→ Data for this task:
------------------------------------------------------------

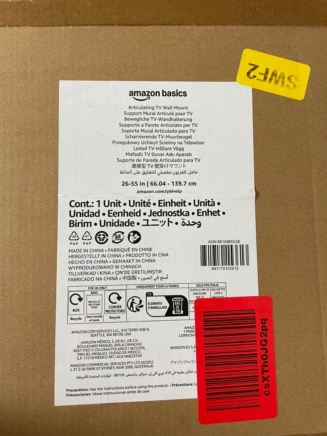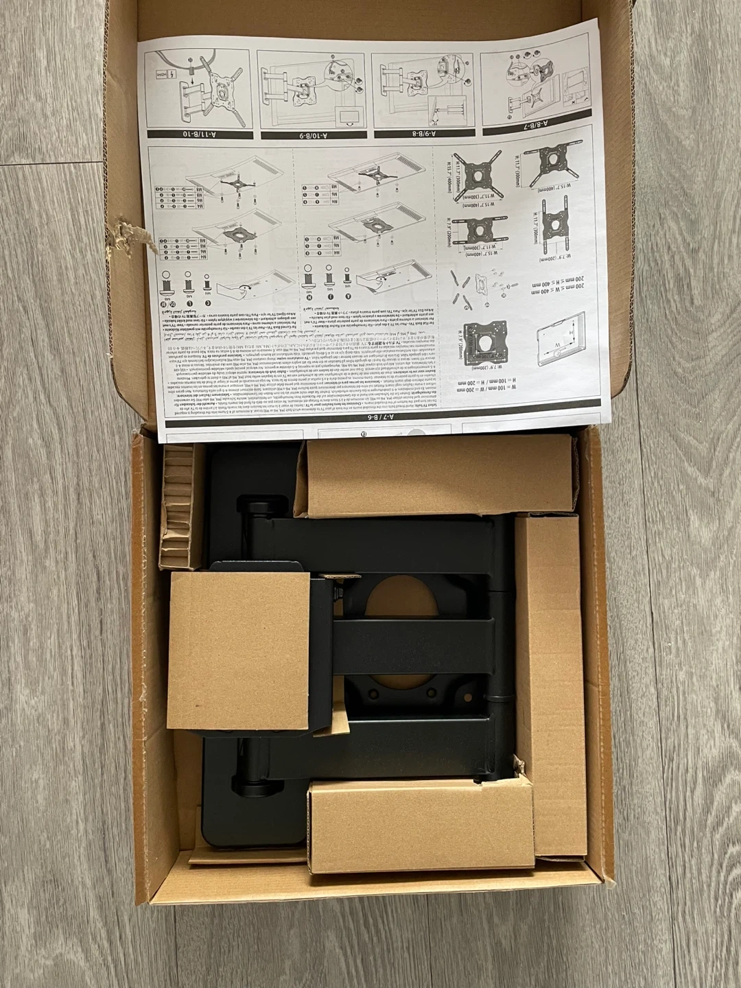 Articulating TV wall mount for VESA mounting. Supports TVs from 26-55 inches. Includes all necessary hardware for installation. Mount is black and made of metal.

------------------------------------------------------------

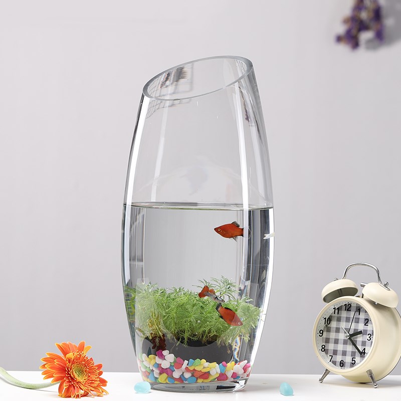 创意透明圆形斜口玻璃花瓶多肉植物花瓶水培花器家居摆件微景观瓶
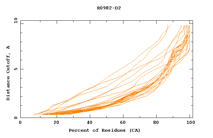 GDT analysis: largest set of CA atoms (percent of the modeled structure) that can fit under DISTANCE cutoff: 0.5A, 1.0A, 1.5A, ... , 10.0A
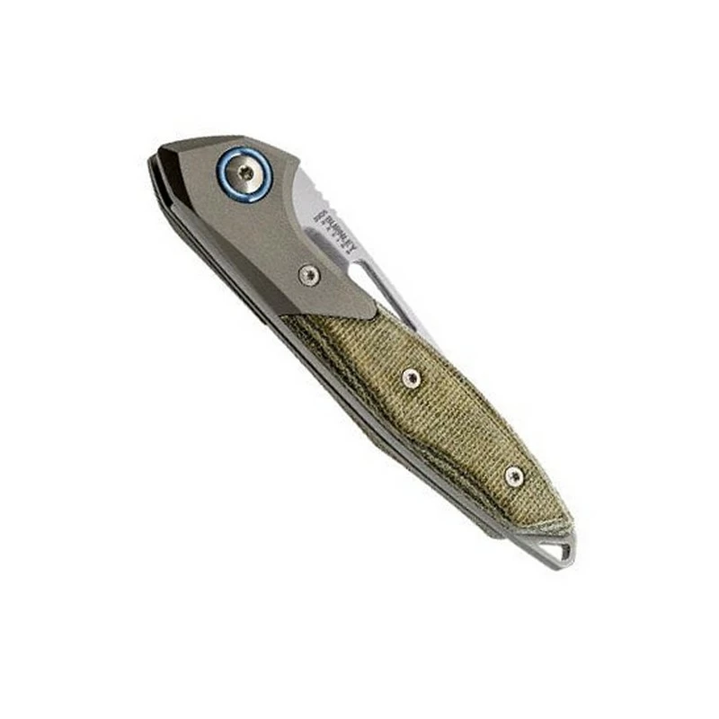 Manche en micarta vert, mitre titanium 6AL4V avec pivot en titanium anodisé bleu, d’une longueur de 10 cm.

------------------------------------------------------------

→ Task instructions: Look through the material above. Transcribe exactly the lines between the ones with "创意透明圆形斜口玻璃花瓶多肉植物花瓶水培花器家居摆件微景观瓶" and "Manche en micarta", inclusive, and keep pictures out.

→ Written answer:
 创意透明圆形斜口玻璃花瓶多肉植物花瓶水培花器家居摆件微景观瓶
 GDT analysis: largest set of CA atoms (percent of the modeled structure) that can fit under DISTANCE cutoff: 0.5A, 1.0A, 1.5A, ... , 10.0A
 Manche en micarta vert, mitre titanium 6AL4V avec pivot en titanium anodisé bleu, d’une longueur de 10 cm.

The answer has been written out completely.